Transcribe the data exactly, omitting whatever pictures it holds.

INFORMATION SHOWN:

BEGIN

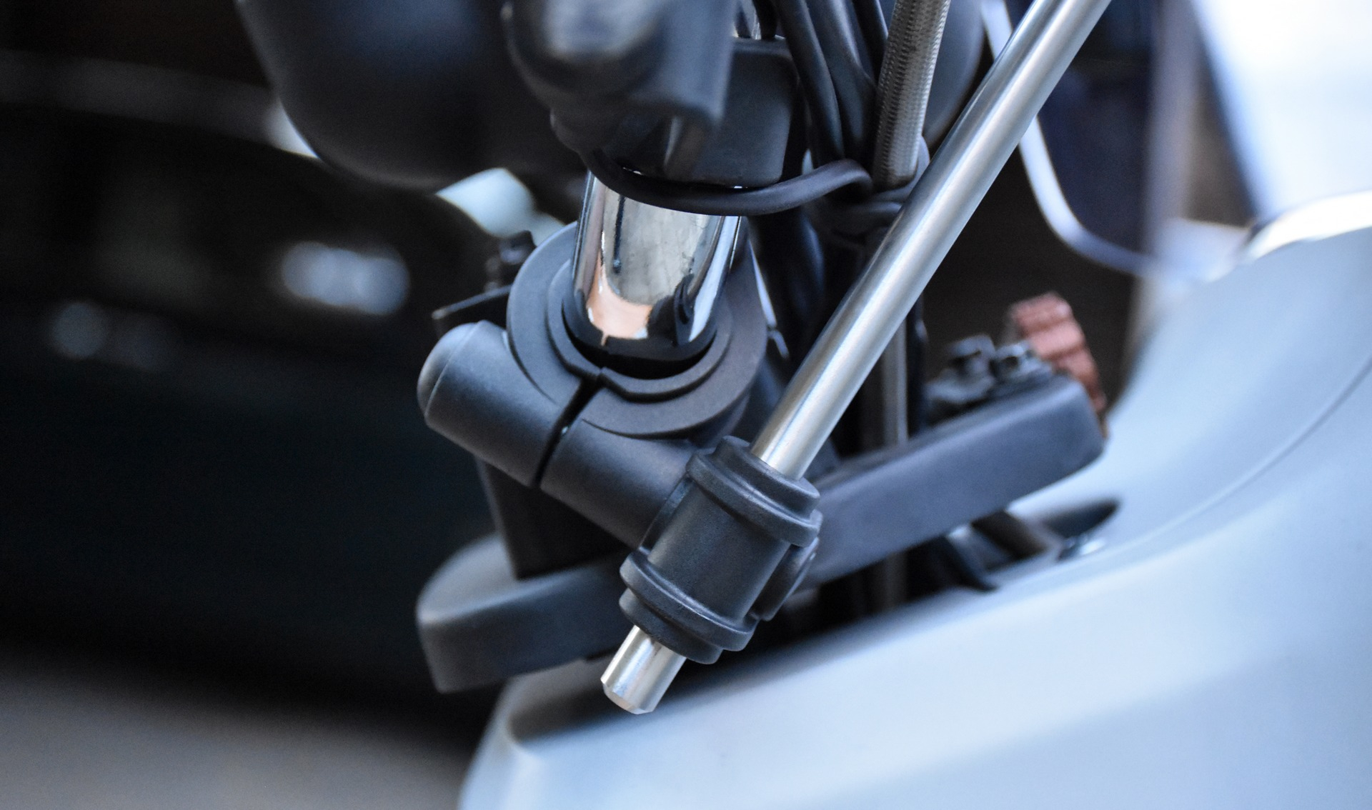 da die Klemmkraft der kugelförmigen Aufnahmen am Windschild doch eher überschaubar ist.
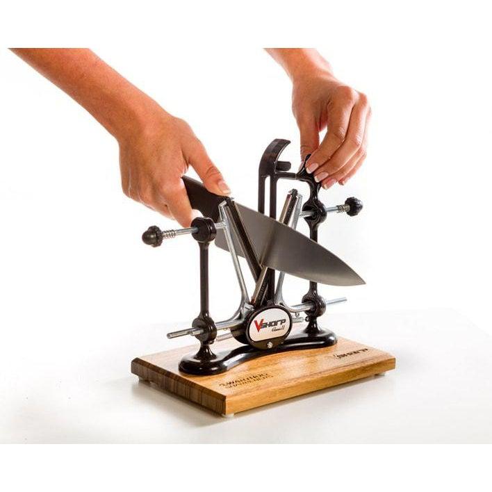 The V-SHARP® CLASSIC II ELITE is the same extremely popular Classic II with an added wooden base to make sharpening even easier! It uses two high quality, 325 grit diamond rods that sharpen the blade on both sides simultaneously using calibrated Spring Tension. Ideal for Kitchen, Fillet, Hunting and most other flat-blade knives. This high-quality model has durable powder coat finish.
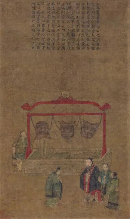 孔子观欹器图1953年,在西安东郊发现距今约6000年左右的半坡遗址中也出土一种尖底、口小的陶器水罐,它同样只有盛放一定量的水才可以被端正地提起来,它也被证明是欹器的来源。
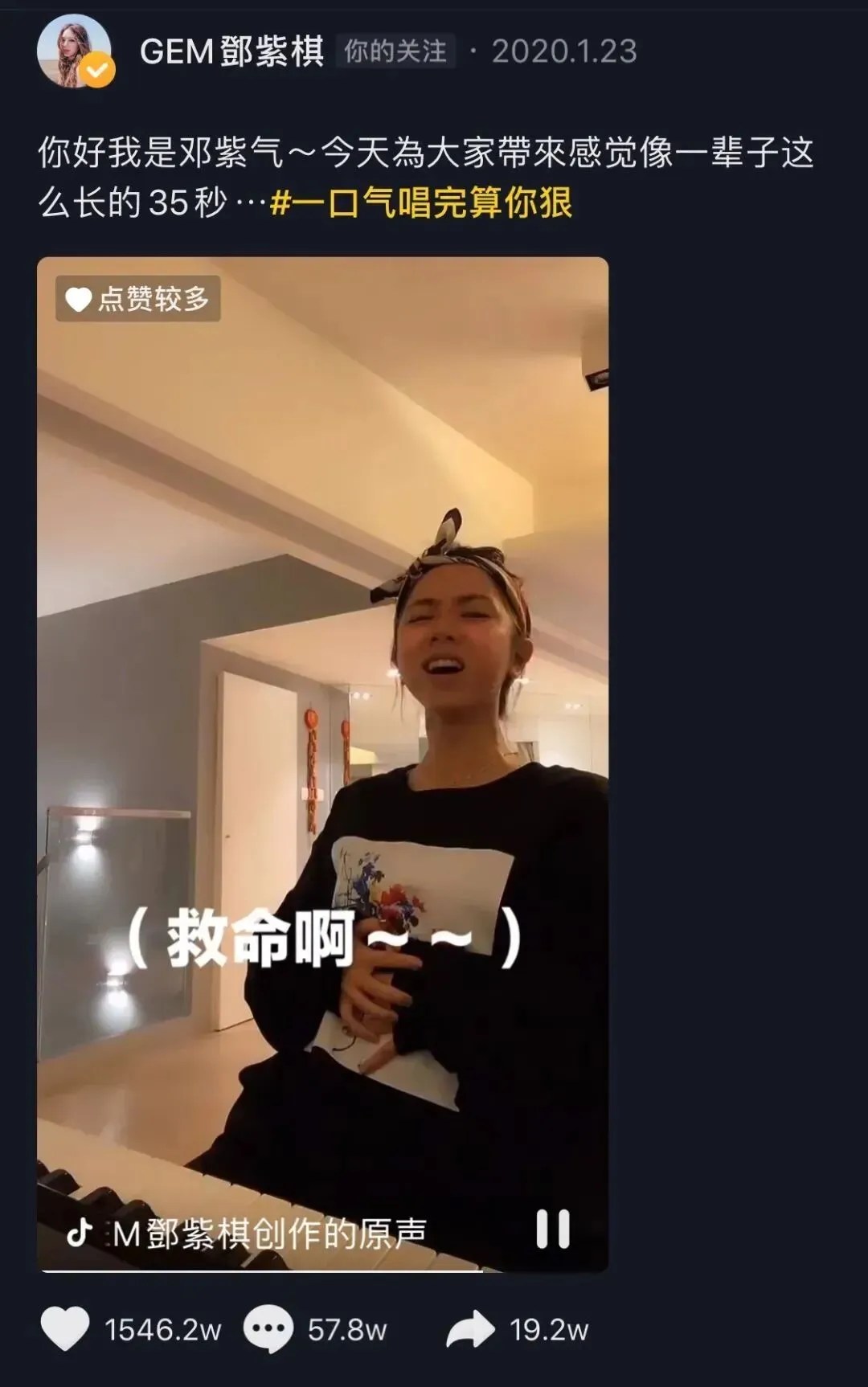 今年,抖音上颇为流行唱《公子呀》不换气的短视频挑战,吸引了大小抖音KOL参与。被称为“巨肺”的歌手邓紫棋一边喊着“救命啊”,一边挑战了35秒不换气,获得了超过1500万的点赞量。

END

PROBLEM SOLUTION:
 da die Klemmkraft der kugelförmigen Aufnahmen am Windschild doch eher überschaubar ist.
 The V-SHARP® CLASSIC II ELITE is the same extremely popular Classic II with an added wooden base to make sharpening even easier! It uses two high quality, 325 grit diamond rods that sharpen the blade on both sides simultaneously using calibrated Spring Tension. Ideal for Kitchen, Fillet, Hunting and most other flat-blade knives. This high-quality model has durable powder coat finish.
 孔子观欹器图1953年,在西安东郊发现距今约6000年左右的半坡遗址中也出土一种尖底、口小的陶器水罐,它同样只有盛放一定量的水才可以被端正地提起来,它也被证明是欹器的来源。
 今年,抖音上颇为流行唱《公子呀》不换气的短视频挑战,吸引了大小抖音KOL参与。被称为“巨肺”的歌手邓紫棋一边喊着“救命啊”,一边挑战了35秒不换气,获得了超过1500万的点赞量。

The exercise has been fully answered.